Scientists have introduced a new AI approach that involves habitual and goal-directed behaviors learning to support each other. Using computer simulations that imitated exploring a maze, the method was able to quickly adjust to changing environments and replicate the behavior of humans and animals once they became familiar with a specific environment. This study not only sets the stage for the development of AI systems that can adapt rapidly and consistently, but also offers insight into decision-making in neuroscience and psychology.
Both living creatures and AI systems could benefit from this innovative method.
Researchers from the Okinawa Institute of Science and Technology (OIST) and Microsoft Research Asia in Shanghai have found that machines powered by algorithms and AI need to be able to react quickly and adapt to different situations. In the field of psychology and neuroscience, behavior is often divided into two categories – habitual (fast and simple, but rigid) and goal-directed (flexible, but complex and slower). Daniel Kahneman, a Nobel Prize winner in Economic Sciences, refers to these as System 1 and System 2. However, there is still a debate on whether they are independent and conflicting or mutually supportive components.We have proposed a new AI method where systems of habitual and goal-directed behaviors learn to support each other. The method quickly adapts to changing environments and reproduces the behavior of humans and animals after they have been accustomed to a certain environment for a long time, as shown in computer simulations that mimic the exploration of a maze.

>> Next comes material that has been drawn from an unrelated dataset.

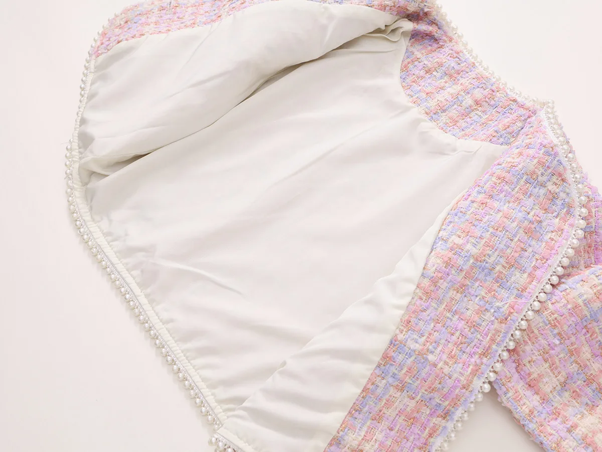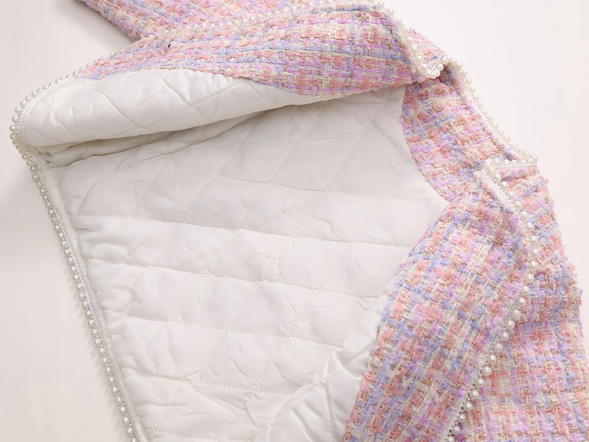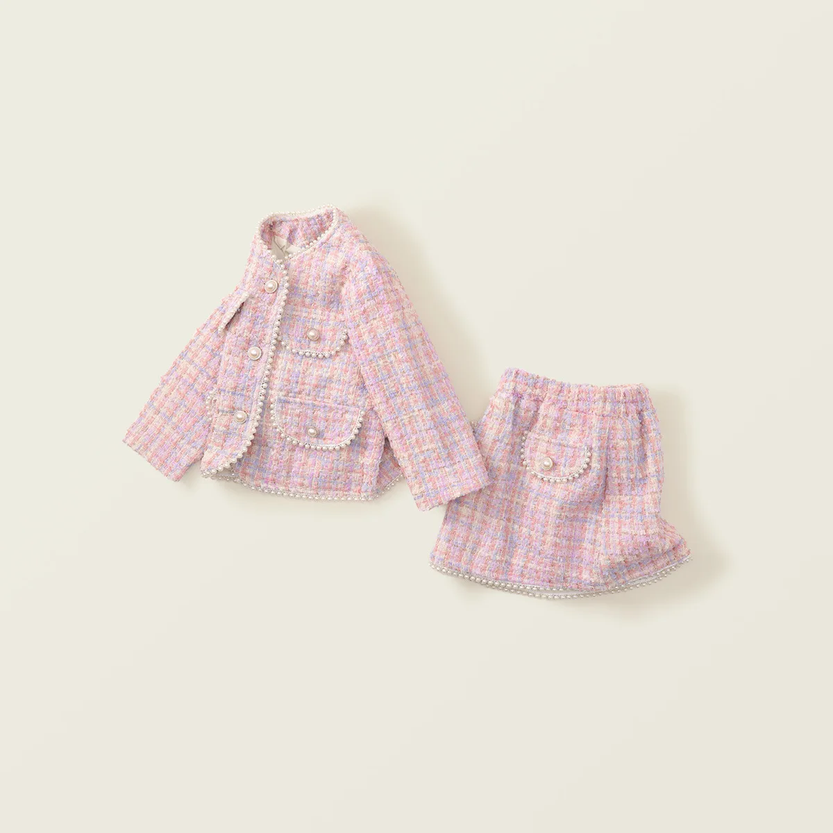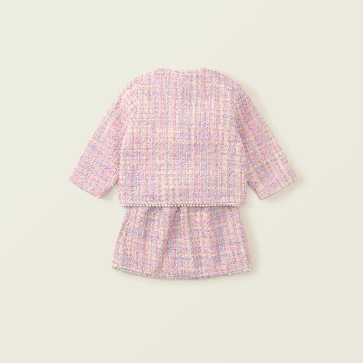 キッズスーツセットアップ 2点セット ツイードパールボタンジャケット+台形スカート 厚手/薄手 ピンク【mh0007498】

The study, published in Nature Communications, not only paves the way for the development of systems that adapt quickly and reliably in the growing field of AI, but also provides clues to how we make decisions in the fields of neuroscience and psychology.Researchers developed a model that combines the habitual and goal-directed systems for learning behavior in AI agents that use reinforcement learning, a learning method that relies on rewards and punishments. This model is based on the theory of “active inference,” which has gained a lot of attention recently. The researchers created a computer simulation that imitates a task where mice navigate a maze using visual cues and are rewarded with food when they reach the goal.
They studied how these two systems adjust and combine while interacting with the environment, and found that they can quickly achieve adaptive behavior. It was noted that theAI agent utilized reinforcement learning to gather data and enhance its own performance.
What our brains prefer
Once the workday is over, we often go home on autopilot, relying on habitual behavior. However, if you’ve recently moved and aren’t paying attention, you might unintentionally drive to your old house out of habit. When you realize this, you switch to goal-directed behavior and redirect to your new home. Traditionally, these two types of behavior were thought to operate independently, with habitual behavior being fast but inflexible, and goal-directed behavior being flexible but slow.”The shift from goal-directed to habitual behavior in learning is a well-known discovery in psychology. Our model and simulations provide an explanation for this phenomenon: the brain favors behaviors that offer greater certainty. As learning advances, habitual behavior becomes less unpredictable, increasing certainty. As a result, the brain tends to rely on habitual behavior after extensive training,” Dr. Dongqi Han, a former PhD student at OIST’s Cognitive Neurorobotics Research Unit and the primary author of the paper, stated.
For a new goal that AI has not been trained for, it utilizes an internal process.
The model uses a combination of habitual behaviors to plan its actions, making the planning process more efficient as it does not need to consider all possible actions. This is in contrast to traditional AI approaches, which require all possible goals to be explicitly included in training in order to be achieved. In this model, each desired goal can be achieved without explicit training but by flexibly combining learned knowledge.
“It’s important to achieve a kind of balance or trade-off between flexible and habitual behavior,” stated Prof. Jun Tani, head of the Cognitive Neurorobotics Research Unit. “There could be many possible”
There are multiple ways to achieve a goal, but considering all possible actions is costly, so goal-directed behavior is limited by habitual behavior to narrow down options.
Improving AI Technology
Dr. Han became interested in neuroscience and the disparity between artificial and human intelligence while working on AI algorithms. “I began contemplating how AI can exhibit more efficient and adaptable behavior, similar to humans. I wanted to comprehend the underlying mathematical principles and how we can utilize them to enhance AI. That was the driving force behind my PhD research.”
Understanding the contrast between habitual and goal-directed behavior.Goal-directed behaviors are particularly important in neuroscience as they can provide insight into neurological disorders like ADHD, OCD, and Parkinson’s disease. “We are investigating the computational principles that govern the collaboration of multiple brain systems. We have also observed that neuromodulators like dopamine and serotonin are essential in this process,” said Prof. Kenji Doya, head of the Neural Computation Unit. “AI systems inspired by the brain and capable of solving real-world problems can be valuable tools in understanding brain activity.”
Dr. Han is interested in creating AI that can behave more like humans in order to achieve complex goals. He wants the AI to have abilities similar to humans when it comes to completing everyday tasks. He believes that our brains have two learning mechanisms that work together, and he wants to better understand how they work in order to achieve their goal.